Reclaiming the audience
Next is governed by three interdisciplinary missions: focused on audience, subscription, and engagement, which report to a general lead – which itself comprises two vice editors-in-chief and a chief product officer.
“It’s a complete change in the way these missions are working right now. Each mission has a main KPI focus: the audience team focuses on owned traffic; the conversion mission targets conversion rates, and the engagement mission aims to reduce the churn rate,” explains Tretbar.
With this, “We get much more sovereignty back in the editorial team about how our content is distributed, how our editorial products are built and developed, and for which goals they are developed,” he adds.
Those goals also include regaining sovereignty from Google by gaining more direct or “owned traffic,” and the entire unit is strategically aligned to a unified focus.
Sold Out: The newsletter that became a show
The engagement unit combines diverse editorial capabilities, from storytelling and video production to newsletters, live events and community-building.
These functions work together to deepen audience engagement, with community playing a particularly important role in fostering subscriber loyalty and long-term retention.
“Our community is not just an on-site community,” notes Tretbar, pointing to a thriving B2B (business to business) sector with more than 100 live events per year.
Among their various engagement activities – from newsletters to video formats – they’re now trialling B2C (business to consumer) or, as Tretbar says, ‘business to user’ events, and experimenting with live, interactive events that “doesn’t have to do anything with storytelling; it’s about how we can engage our community, and how can we make our community even brighter and bigger.”
Tagesspiegel started with two major events in Berlin: Hop, a political/cultural talk show “that has a lot of feedback loops” online, and a regular Berlin Revue, based on their popular Checkpoint newsletter, a core product. This entertainment show, complete with house band, quizzes and more, runs four or five times a year: “and every show is sold out.”
A third element, also on trial, is an interactive digital offering called High Noon, a live video talk with experts on international subjects, is also interactive.
“These are very quick events; we can set them up in one or two days, and they are all especially for subscribers.”
It’s all a work in progress, notes Tretbar – as is the daily exercise of executing longterm strategy, which requires constant reinforcement: “It’s not enough to give people the strategy, to tell them ‘What are we doing?’ and ‘Where do we go?’ You have to have that on the street, every day, in each conference.

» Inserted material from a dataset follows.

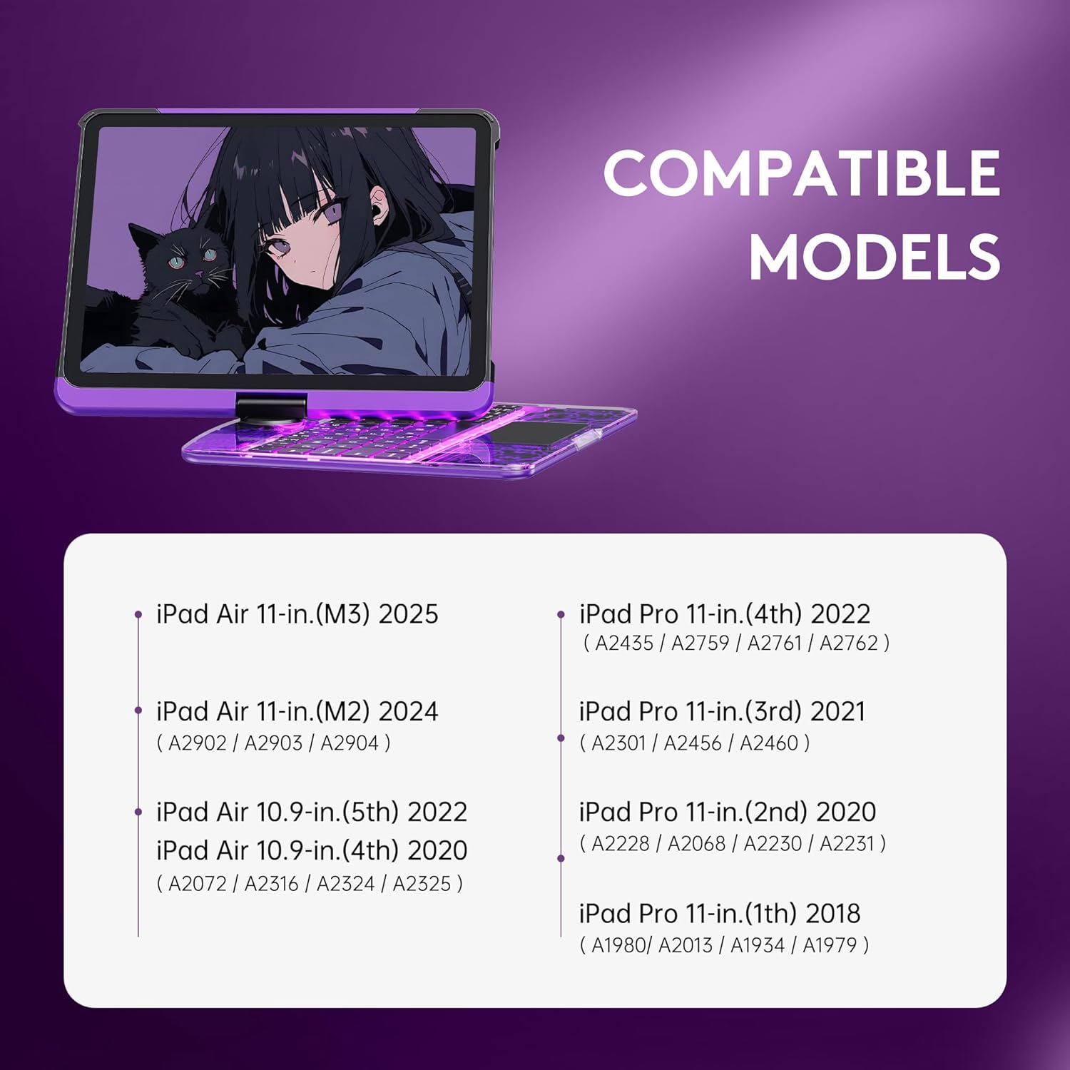 - Compatible Devices : iPad Air 11-in.(M3) 2025; iPad Air 11-in.(M2)2024; iPad Air 10.9-in.(5th)2022; iPad Air 10.9-in.(4th)2020; iPad Pro 11-in.(4th)2022; iPad Pro 11-in.(3rd) 2021; iPad Pro 11-in.(2nd)2020;iPad Pro 11-in.(1th)2018 iPad Air 11-in.(M3) 2025; iPad Air 11-in.(M2)2024; iPad Air 10.9-in.(5th)2022; iPad Air 10.9-in.(4th)2020; iPad Pro 11-in.(4th)2022; iPad Pro 11-in.(3rd) 2021; iPad Pro 11-in.(2nd)2020;iPad Pro 11-in.(1th)2018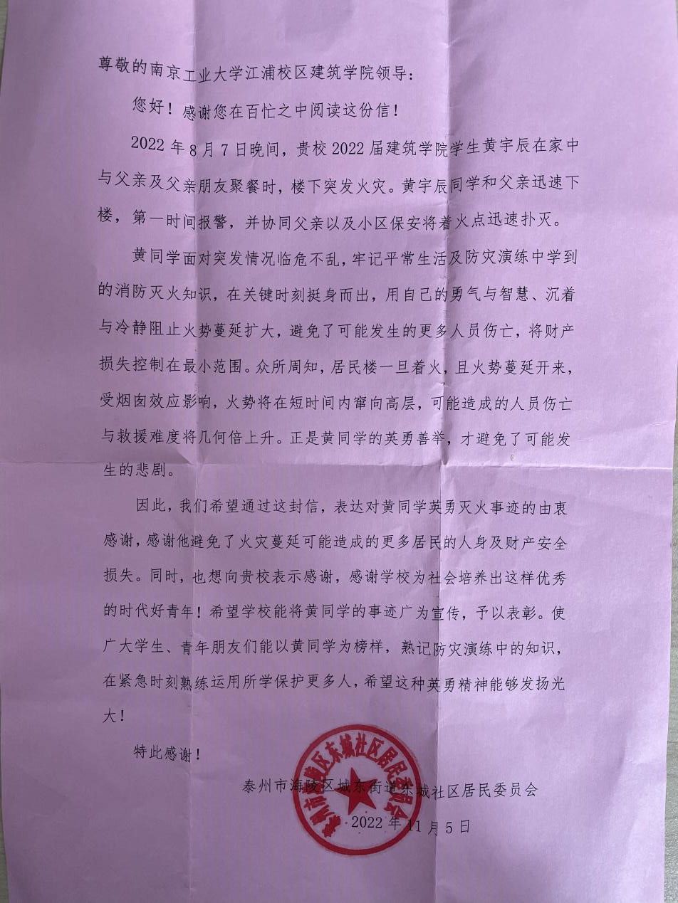 近日,江苏省泰州市海陵区城东街道东城社区居民委员会给太阳成集团tyc寄来一封感谢信,信中通报表扬了公司2022级建筑学专业黄宇辰同学在火灾现场见义勇为的英勇善举。

You have to ask, ‘Is this what we want from our strategy?’
AI as strategic ally
And as for AI? “For me AI is more of a possibility than a threat, but you have to deal with it responsibly,” notes Tretbar, adding that AI can also help “to get the strategy on the street” – explaining how Tagesspiegel developed a Chatbot assistant to help the team align daily activities with strategic objectives to better reach target audiences.
The contentious AI articles have been removed, and Tagesspiegel builds on a newsroom restructured around loyalty, community and owned relationships – for the next 80 years.